Public entities act like playground bullies targeting journalists and whistleblowers.

Photo Credit: Yudica


Government entities that use three-letter abbreviations, like the Internal Revenue Service (IRS), Department of Justice (DOJ) and Securities and Exchange Commission (SEC) increasingly embody all the truant characteristics of playground bullies.

First, there’s the DOJ probing journalists for national "security" reasons while ceasing investigations into various banks and CEOs for their role in effectively embezzling trillions of dollars from the rest of the world. To them, banks are too big to bully.

Then we have the latest (publicly revealed, anyway) IRS maneuver of battening down on non-profit groups that utilize the wrong words in their name (given the relatively small size of these groups, this is a glaring perspective problem, whether they represent the Tea Party or the communist party) instead of the hundreds of billions of dollars stashed in the offshore tax havens that President Obama campaigned he’d do something about.

And now, the SEC has fallen further into bully territory. Enter Kathleen Furey, a 10-year veteran SEC staff attorney. Furey officially blew an internal whistle on the director of the SEC's New York office after he refused to bring cases against investment management companies under the Investment Advisers Act of 1940 and Investment Company Act of 1940, 15 months before we were media-slammed by the poster-boy of the Ponzi school of investment management, Bernard Madoff.

Furey’s official complaint reminds us exactly why her case is in the public interest. A section in Title 17 of the US Code of Federal Regulations states, “Members of the Securities and Exchange Commission are entrusted” with “powers and duties of great social and economic significance to the American people” and is tasked by Congress with ensuring that the “private enterprise system serves the welfare of all citizens.” If only.

Furey’s Fight for the Financial Safety of Americans

Furey’s saga began when she took this notion of entrustment seriously. And vocally. Between January 2002 to December 2008, Furey alerted her boss, an assistant director at the NY Regional Office (NYRO) of the SEC about  the possibility of shady dealings going on at some investment management companies. Her boss responded “We do not follow IM (investment management) cases.”

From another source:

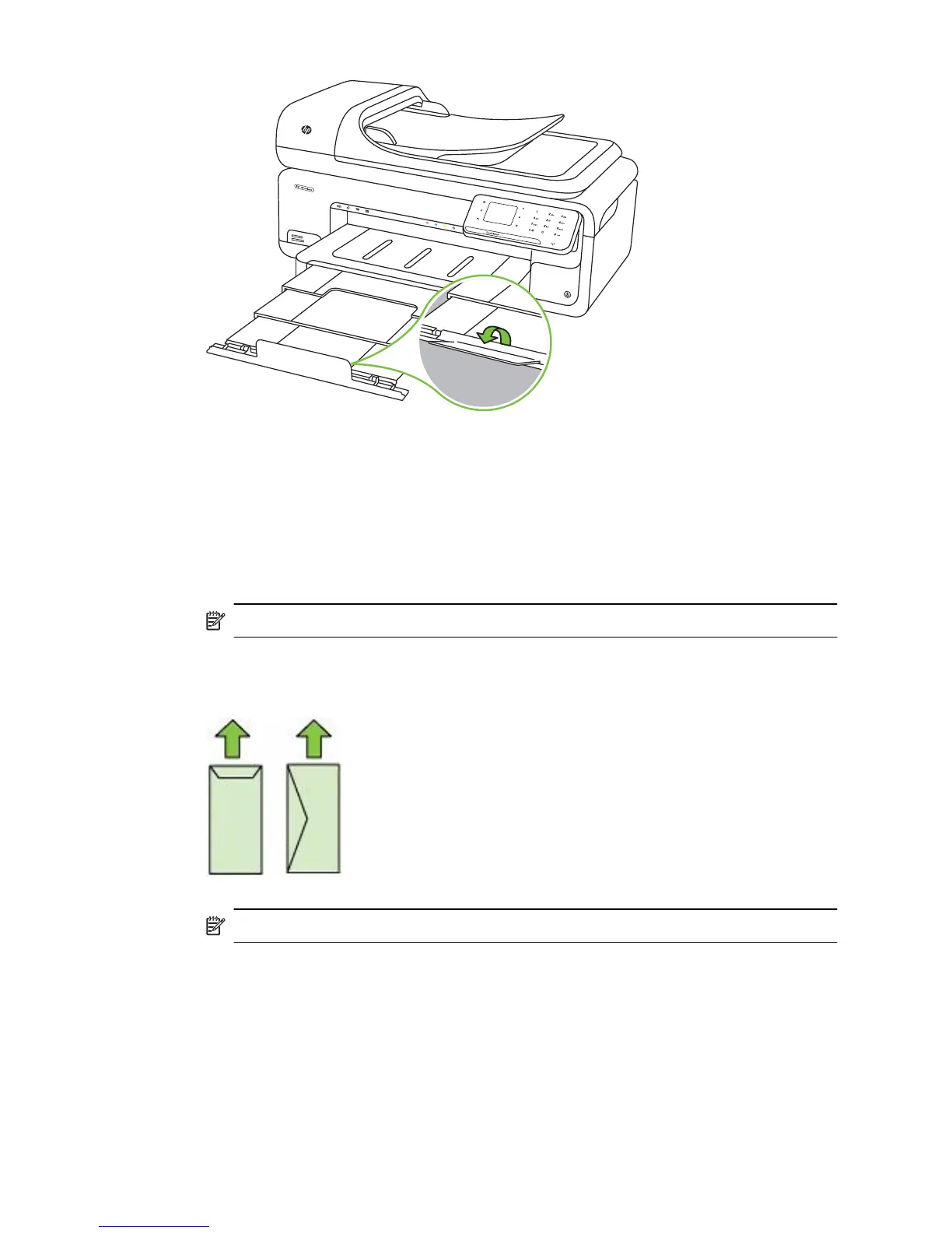 3. Load envelopes according to the graphic. Make sure the stack of envelopes does not

Not satisfied with that brush-off, in late 2007, Furey stepped up the ladder and informed her superiors about his stance. Rather than do anything about the substance of her concerns, Furey’s superiors told her to take the matter up to the Inspector General. When she did just that, she suffered the kind of reprisals designed to shut her up, like the ways a bully might gut-punch a small kid at recess time implicitly (or explicitly) threatening worse if the kid tells on him.

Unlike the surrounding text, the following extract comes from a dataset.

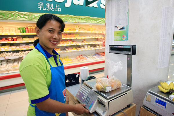 フリータクシーでデューティーフリーに。そしてマタハリデパートの果物売場。基本的に計量してもらいレジで支払います。 |

Furey was no slacker. She had received three years of straight promotions, raises and other monetary awards between September 2004 and 2006 for her exemplary work -- before she blew the whistle. Right afterward, all that stopped.

And yet, her workload increased, reflective of a higher-grade level within the SEC grid, just not with the pay or title that work entailed. Her career trajectory halted in the tracks of the SEC’s desire to cover its own ass even as the Bernie Madoff case publicly erupted, as per her earlier warnings. When Furey asked why she was getting less than someone below her share of duties, given that her fears had proven prescient and accurate, her high performance scores from June to September 2010 were altered as later exhibits revealed -- after she had signed them. Some of her higher marks were actually whited-out and replaced with lower ones.  

So on January 30, 2012, Furey filed an official complaint with the US Office of Special Counsel (OSC). As with other federal employee whistleblower cases, the OSC doesn’t decide the case, but decides whether to bring it before the Merit System Protection Board. Furey also made requests to the SEC under FOIA and the Privacy Act to obtain her personnel records, supervisors’ communications about her, and other supportive information for her claims. Mostly, the SEC refused to produce those records.